Команда корабля построилась и стояла «вольно», когда он добрался до взлетной палубы. Моряки стояли в строю по подразделениям, или поротно, или как уж они там строятся в военно-морском флоте; ни один из сторожей Пана никогда не читал морских рассказов, и поэтому по части знания морских порядков Пан был нетверд.

«Мем-саиб» оттащили на край палубы. Шимпанзе вразвалку подошел к капсуле, прислонился к ней и стал наблюдать, как моряки совершают перестроения, свистят в дудочки, что-то принайтовывают или, бог его знает, что они там еще делают. К «Куку» приближался вертолет.

Наблюдая, Пан Сатирус усердно почесывался и с наслаждением ощущал, как под порывами тропического ветерка шевелится шерсть на спине. Ловким привычным движением он наконец прижал ногтем блоху, которая заставила его прервать полет, и с торжеством раздавил ее. Он был бы рад вернуться в Уайт Сэндс: Флорида определенно была проблошиной и антиобезьяньей стороной.

Позевывая, он чуть скептически наблюдал за вертолетом. За последние пять с половиной лет он побывал не в одном исследовательском центре военно-воздушных сил и НАСА. Он даже немного поработал на Комиссию по атомной энергии в Лос-Аламосе, где был превосходный врач и прескверное питание; там, по-видимому, считали, что шимпанзе любят только замороженные бананы.
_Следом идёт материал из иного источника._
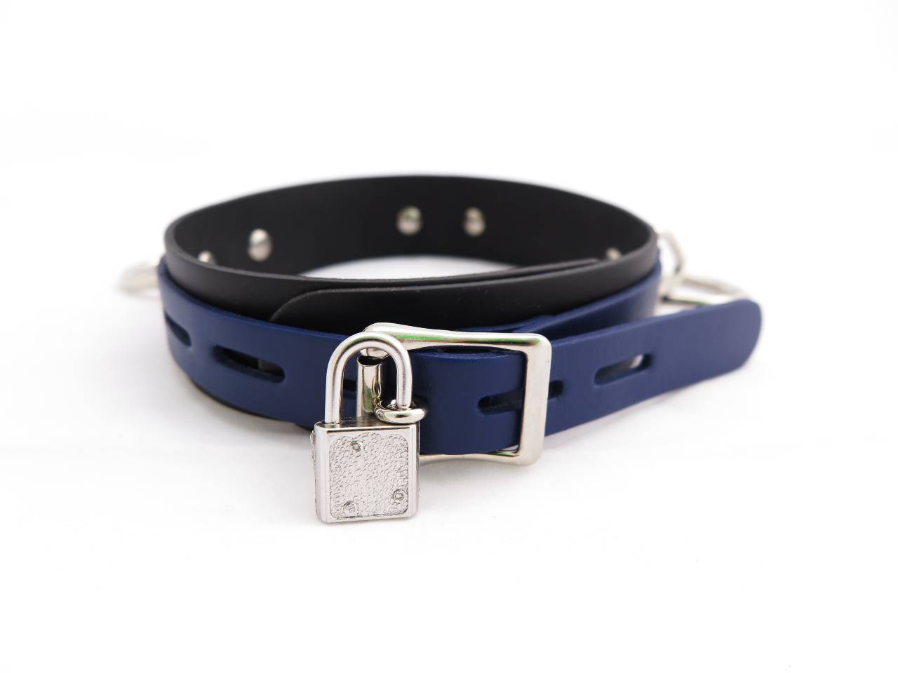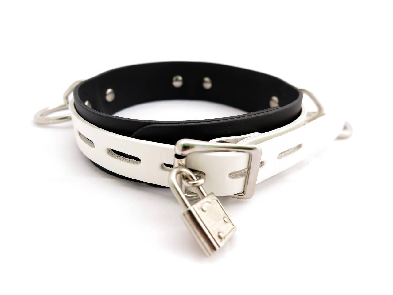 This BDSM locking collar is made with soft, supple and strong leather for proper restraint for your slave. Three large rings give ample possibility to connect, tie and restrain. With a locking buckle at the back and a padlock with two keys included, this collar is ready to use as soon as you receive.

Да, с тех пор как он расстался с матерью, ему пришлось повидать чертову уйму мест, где садились вертолеты. Шумные махины. Притом сконструированные скверно и неизвестно для чего. Большая часть поездок осуществлялась так: вертолет брал на борт какого-нибудь бездельника в одном месте и поспешно доставлял его бить баклуши в другое. Хождение, карабканье, покачивание — все создавало приятное ощущение осмысленной деятельности.

Есть! Вертолет благополучно сел на палубу. Пилот заглушил двигатели, и люди в нелепо раскрашенных комбинезонах подбежали к вертолету, закрепили его и ушли.

Так, значит, вертолету обеспечена безопасность. У Пана Сатируса в Холломэне был врач, моряк. Если он говорил, что надо обеспечить безопасность, это, по-видимому, означало, что надо кого-то или что-то оставить в покое.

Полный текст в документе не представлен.